My boss was standing at the window hands clasped behind his back, peering out through the cascades of water streaming down the glass. “Brought the weather with you from London, did you ?” he quipped, and chortled at the hilarity of his little joke. Behind her desk, Karen rolled her eyes. Evidently she’d had about as much as she could take of this as well. Remembering the promise I had made to myself the previous week, I wondered how wise it would be to punch him in the teeth, but decided that it was, perhaps, better not to. “Unusual for Naples though,” he went on. “Normally we get sunshine all year round. Now, if we were in Milan, on the other hand …” But I was already making my way to the staffroom. Jeremy was sitting there with his suitcase, soaked to the skin. He’d just flown in from England. 

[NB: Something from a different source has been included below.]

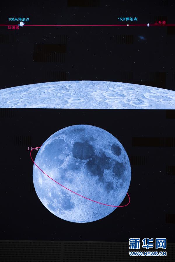 這是12月6日在北京航天飛行控制中心指揮大廳拍攝的嫦娥五號(hào)上升器與軌道器返回器組合體交會(huì)對(duì)接畫(huà)面。

“Hi, Jeremy! Welcome back! Isn’t this weather shit?” “Par for the course,” said Jeremy, resignedly wringing out a sock. “What do you mean?” “It’s always like this in January.” “But everyone says how unusual this is for Naples!” “Is it fuck! They’re so full of shit! Listen, this’ll go on all through January. And everyone will tell you how unusual it is. Then it’ll rain in February too. And everyone will say that there’s never been a year like it, worst year on record, blah, blah, blah. Then March. More of the same, only the rain gets a little warmer, and everyone says that March is mad and always has been. April’s the same as March and then, some time in late May/early June, it’ll get hot and the sun’ll come out and everyone will say ‘Aaahhh! Told you so! Naples truly is the city of the sun!’ It’s the same thing every fucking year. And, by next year, they’ll have erased all of this from their memories and remember it as wall-to-wall sunshine. It’s just the way they are.”

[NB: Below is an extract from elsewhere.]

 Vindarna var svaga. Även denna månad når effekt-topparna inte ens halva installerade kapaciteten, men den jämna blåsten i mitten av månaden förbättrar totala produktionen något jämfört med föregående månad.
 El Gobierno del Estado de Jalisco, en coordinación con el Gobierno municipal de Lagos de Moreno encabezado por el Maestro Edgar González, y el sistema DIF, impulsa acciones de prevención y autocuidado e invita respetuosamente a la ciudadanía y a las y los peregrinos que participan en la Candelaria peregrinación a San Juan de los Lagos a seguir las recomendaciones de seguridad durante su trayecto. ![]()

“But won’t there be any sunshine at all from now until June?” I begged, feeling like a little boy who has just been sent to bed without any supper. “Occasional days. Two or three together, if you’re really lucky. But I wouldn’t make any plans for people to come and visit just yet, if I were you.” I tried not to get depressed. Jeremy was well-known for his cynicism. No doubt he had his own, personal, black cloud that followed him around. But, already, I had a nagging suspicion that there might be more than just a hint of truth in what Jeremy had just told me.